In the next pitch, with a full count, she could either extend the game or end it.

While the pressure visibly mounted in Alumni Field, the same couldn’t be said inside the Wolverines’ dugout, where the rest of the team was lighthearted — dancing and yelling.

Despite the commotion surrounding her from all sides, there was only one thing running through Nemitz’s mind.

You’re going to do this. You’re gonna do it. You’re gonna do it. No doubt in your mind. You’re gonna do it.


In the spring of 2005, a nine-year old Nemitz sat in her St. Clair Shores living room, watching the Women’s College World Series with her older sister, Nikki. Michigan was facing UCLA and the game was tied in the 10th inning. As she watched Samantha Finley hit the game-winning home run for the Wolverines, Nemitz made a decision. Already an avid Michigan fan and an even more avid softball player, she would do whatever it took to get to that level, wearing maize and blue.

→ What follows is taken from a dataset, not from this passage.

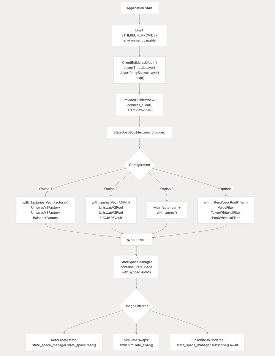 StateSpaceBuilder 是初始化和配置 amms-rs StateSpace 的主入口點,可以設定同步的起始區塊號,以及: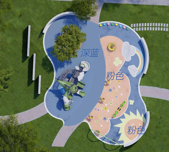 EPDM塑胶场地施工内容:13mm白颗粒打底,面层彩色epdm颗粒。

I want to hit that home run.  

As the youngest of three siblings, Mackenzie was always tagging along to Nikki’s games, and as soon as she was old enough to pick up a bat at age four, she began following in her sister’s footsteps. She’d play in the dirt while Nikki — an All-State high school pitcher — warmed up. Their dad, Mark Nemitz, who doubled as both of their coaches, would work tirelessly with Mackenzie, who wanted to be just as good as her sister.

Collegiate programs started looking at Nikki, and Mackenzie wasn’t shy about voicing her opinion — she wanted Nikki to be a Wolverine.  

Michigan assistant coach Bonnie Tholl still remembers the day almost 15 years ago when an eight-year-old Mackenzie struck up a conversation with her in the concessions line of a high school softball tournament.

“She made sure that I knew that her sister was the one out there pitching,” Tholl said. “Of course, I knew who Nikki was because I was there to recruit her. Mackenzie was full of life.”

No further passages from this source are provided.